DATA PROVIDED:
________
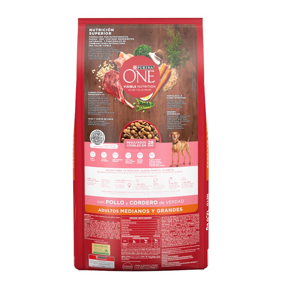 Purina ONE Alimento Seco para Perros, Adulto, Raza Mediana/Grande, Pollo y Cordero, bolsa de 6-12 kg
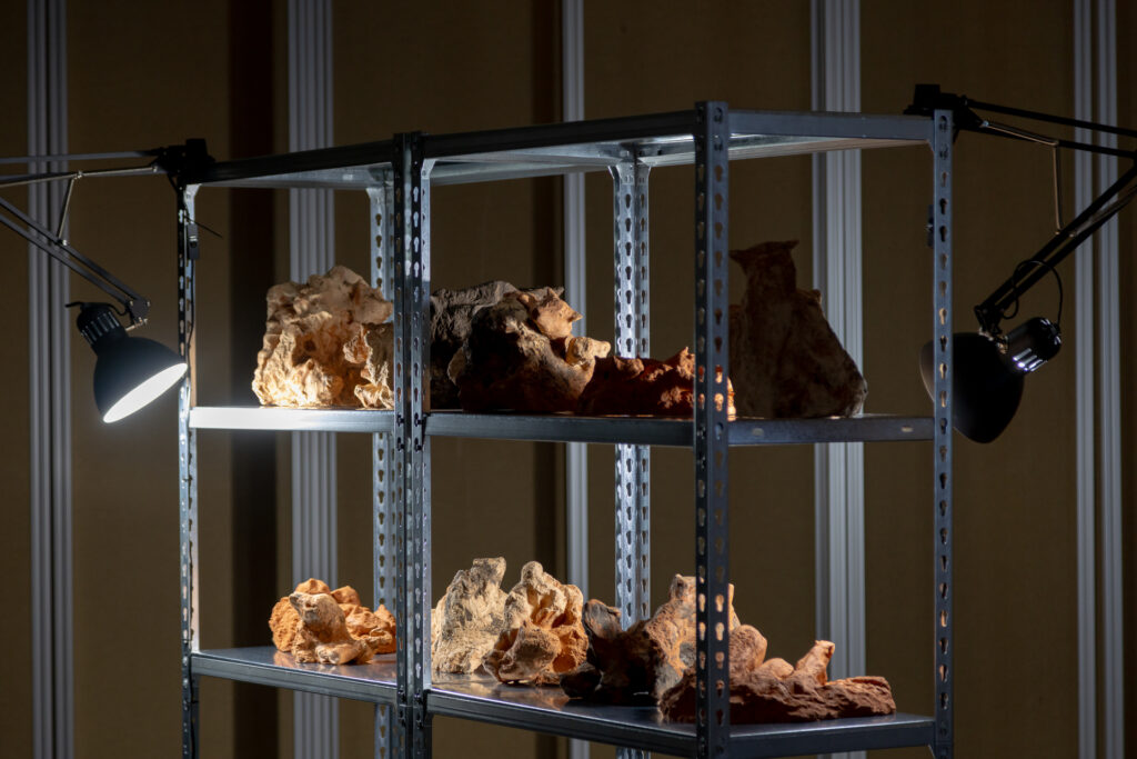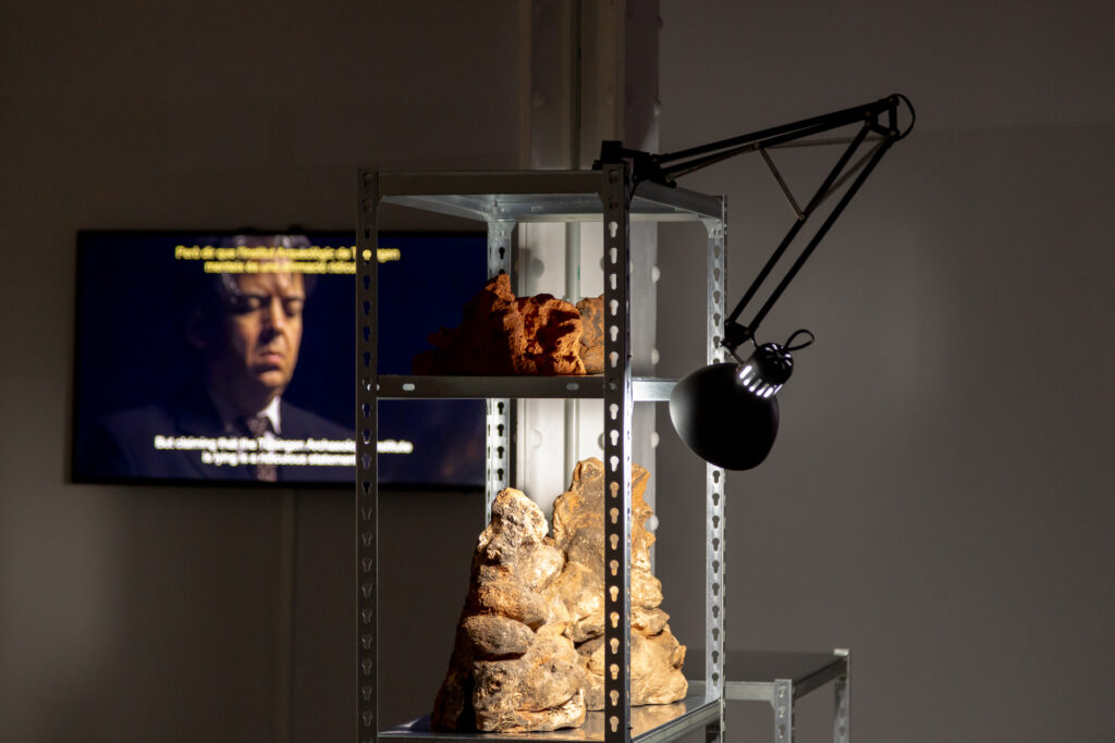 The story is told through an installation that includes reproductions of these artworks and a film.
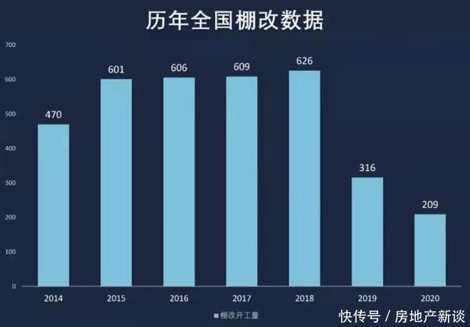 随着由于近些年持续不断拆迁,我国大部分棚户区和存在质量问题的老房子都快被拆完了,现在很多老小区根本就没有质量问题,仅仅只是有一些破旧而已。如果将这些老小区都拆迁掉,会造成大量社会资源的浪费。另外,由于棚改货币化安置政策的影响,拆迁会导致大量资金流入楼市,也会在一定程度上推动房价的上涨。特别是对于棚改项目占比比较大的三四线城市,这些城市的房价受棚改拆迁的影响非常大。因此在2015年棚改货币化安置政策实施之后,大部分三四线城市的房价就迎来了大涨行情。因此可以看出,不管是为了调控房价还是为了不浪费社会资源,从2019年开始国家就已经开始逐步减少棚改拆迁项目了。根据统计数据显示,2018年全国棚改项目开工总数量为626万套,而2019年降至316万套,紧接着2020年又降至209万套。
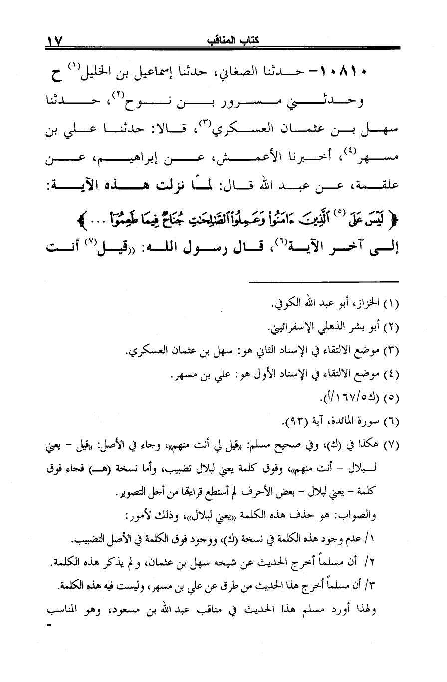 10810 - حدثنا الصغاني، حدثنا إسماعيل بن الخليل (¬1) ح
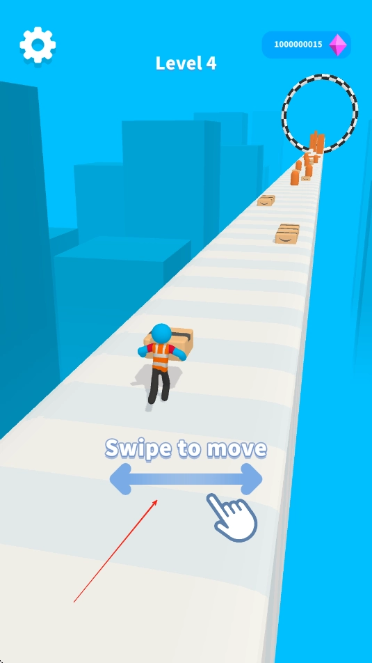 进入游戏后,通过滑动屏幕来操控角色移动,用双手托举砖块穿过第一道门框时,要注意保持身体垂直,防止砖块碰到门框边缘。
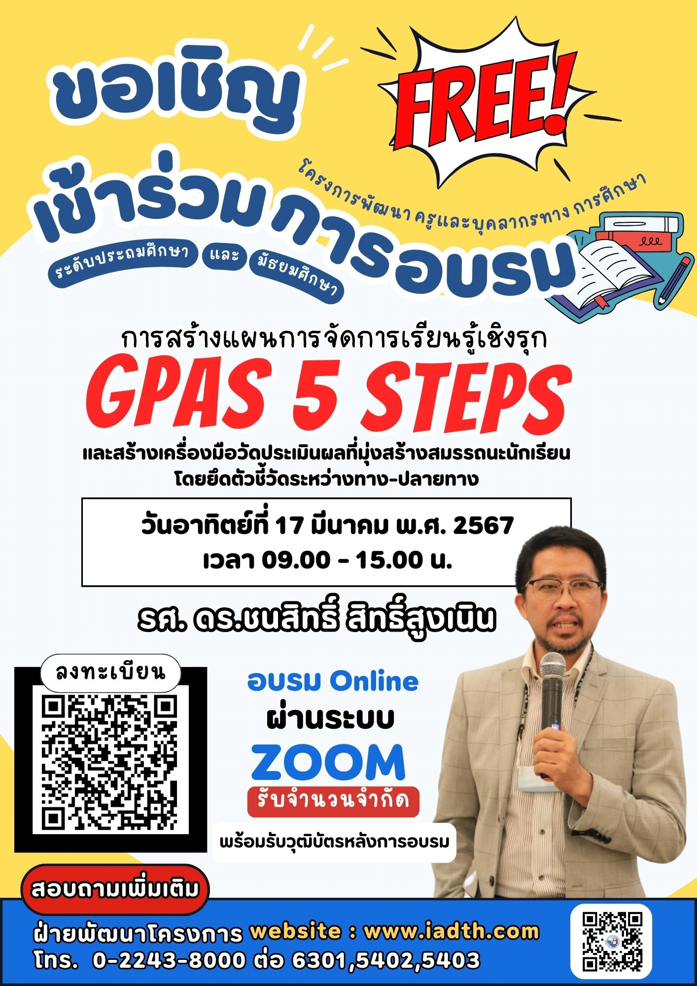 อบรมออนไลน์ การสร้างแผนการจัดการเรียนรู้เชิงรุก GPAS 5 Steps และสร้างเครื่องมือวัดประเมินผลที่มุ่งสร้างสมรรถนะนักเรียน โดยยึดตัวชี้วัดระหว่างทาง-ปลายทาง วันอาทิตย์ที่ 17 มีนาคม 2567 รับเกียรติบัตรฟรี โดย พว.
________
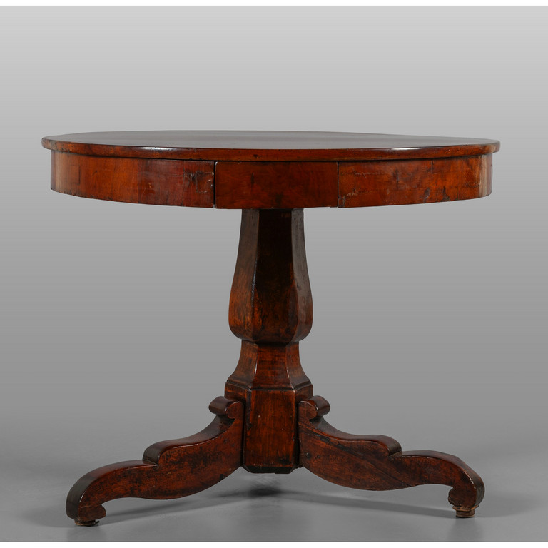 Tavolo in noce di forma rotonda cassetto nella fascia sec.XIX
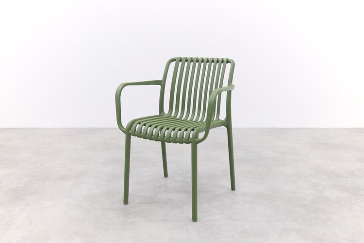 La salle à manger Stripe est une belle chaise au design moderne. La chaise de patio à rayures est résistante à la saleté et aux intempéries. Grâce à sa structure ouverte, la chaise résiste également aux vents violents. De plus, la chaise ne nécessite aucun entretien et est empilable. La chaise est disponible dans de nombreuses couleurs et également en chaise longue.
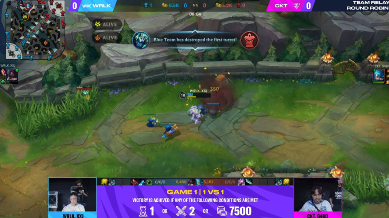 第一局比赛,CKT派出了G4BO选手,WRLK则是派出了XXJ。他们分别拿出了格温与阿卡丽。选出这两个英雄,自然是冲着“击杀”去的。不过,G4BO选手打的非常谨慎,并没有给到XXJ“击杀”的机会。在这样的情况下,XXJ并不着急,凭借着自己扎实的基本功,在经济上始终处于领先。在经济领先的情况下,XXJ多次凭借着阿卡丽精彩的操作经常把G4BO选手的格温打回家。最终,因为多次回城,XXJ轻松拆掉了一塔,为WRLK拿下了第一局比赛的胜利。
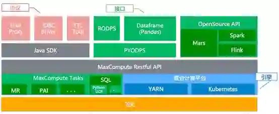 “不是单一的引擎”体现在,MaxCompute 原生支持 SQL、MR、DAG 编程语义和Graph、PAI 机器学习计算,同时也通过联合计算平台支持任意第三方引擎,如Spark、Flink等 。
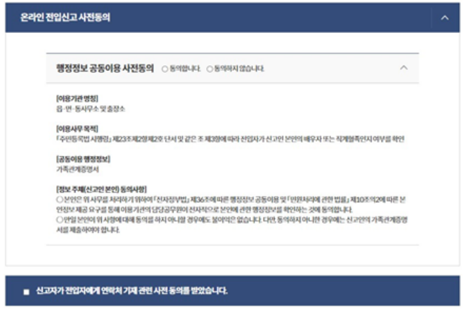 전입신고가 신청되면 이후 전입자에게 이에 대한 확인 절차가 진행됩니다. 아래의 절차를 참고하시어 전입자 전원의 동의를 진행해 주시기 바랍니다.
________
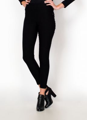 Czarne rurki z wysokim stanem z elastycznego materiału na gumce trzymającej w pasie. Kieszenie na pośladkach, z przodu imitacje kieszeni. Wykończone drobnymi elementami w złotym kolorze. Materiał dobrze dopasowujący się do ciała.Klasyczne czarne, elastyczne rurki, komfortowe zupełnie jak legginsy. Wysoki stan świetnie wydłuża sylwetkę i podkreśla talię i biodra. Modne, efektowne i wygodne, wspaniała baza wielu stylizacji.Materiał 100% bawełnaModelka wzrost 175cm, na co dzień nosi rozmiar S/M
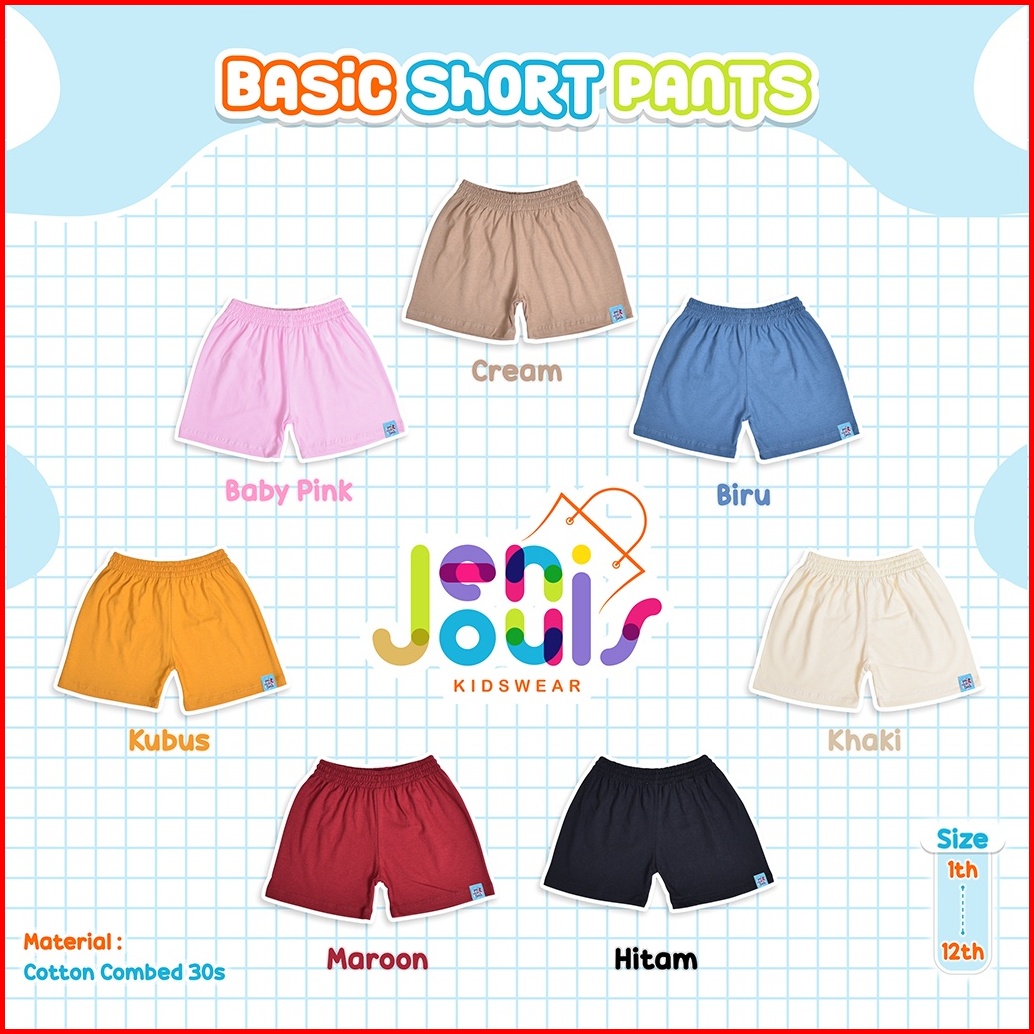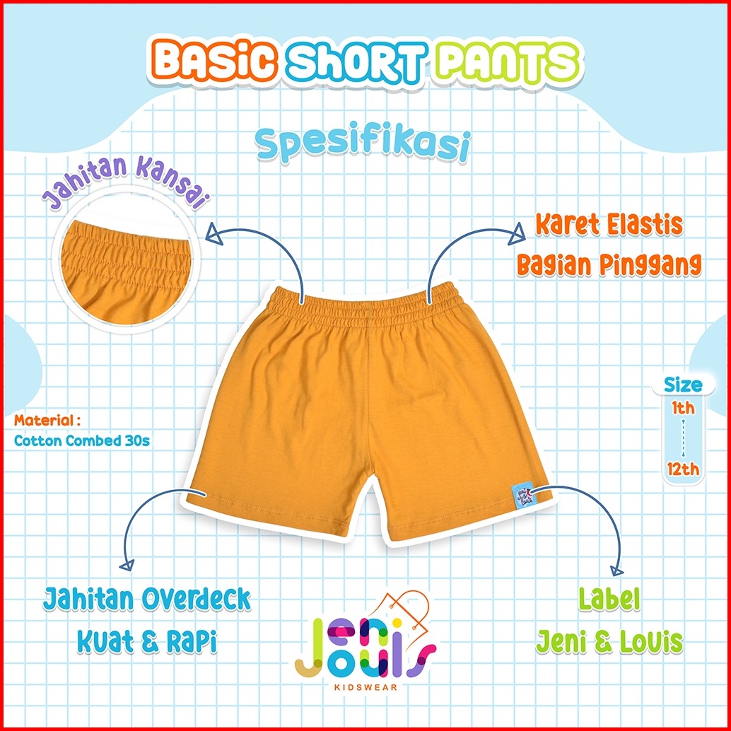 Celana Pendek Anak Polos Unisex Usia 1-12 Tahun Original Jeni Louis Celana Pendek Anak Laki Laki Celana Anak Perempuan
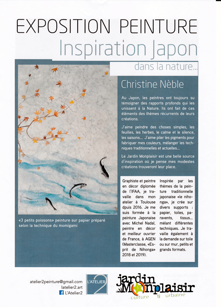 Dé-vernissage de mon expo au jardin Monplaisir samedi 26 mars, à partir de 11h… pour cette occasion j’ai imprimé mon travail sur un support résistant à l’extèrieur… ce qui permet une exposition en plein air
________
TASK REQUIREMENTS: Within the listing above, extract exactly the lines that run from the one containing "The story is" through the one containing "อบรมออนไลน์ การสร้างแผนการจัดการเรียนรู้เชิงรุก GPAS", excluding any pictures.

THE ANSWER:
 The story is told through an installation that includes reproductions of these artworks and a film.
 随着由于近些年持续不断拆迁,我国大部分棚户区和存在质量问题的老房子都快被拆完了,现在很多老小区根本就没有质量问题,仅仅只是有一些破旧而已。如果将这些老小区都拆迁掉,会造成大量社会资源的浪费。另外,由于棚改货币化安置政策的影响,拆迁会导致大量资金流入楼市,也会在一定程度上推动房价的上涨。特别是对于棚改项目占比比较大的三四线城市,这些城市的房价受棚改拆迁的影响非常大。因此在2015年棚改货币化安置政策实施之后,大部分三四线城市的房价就迎来了大涨行情。因此可以看出,不管是为了调控房价还是为了不浪费社会资源,从2019年开始国家就已经开始逐步减少棚改拆迁项目了。根据统计数据显示,2018年全国棚改项目开工总数量为626万套,而2019年降至316万套,紧接着2020年又降至209万套。
 10810 - حدثنا الصغاني، حدثنا إسماعيل بن الخليل (¬1) ح
 进入游戏后,通过滑动屏幕来操控角色移动,用双手托举砖块穿过第一道门框时,要注意保持身体垂直,防止砖块碰到门框边缘。
 อบรมออนไลน์ การสร้างแผนการจัดการเรียนรู้เชิงรุก GPAS 5 Steps และสร้างเครื่องมือวัดประเมินผลที่มุ่งสร้างสมรรถนะนักเรียน โดยยึดตัวชี้วัดระหว่างทาง-ปลายทาง วันอาทิตย์ที่ 17 มีนาคม 2567 รับเกียรติบัตรฟรี โดย พว.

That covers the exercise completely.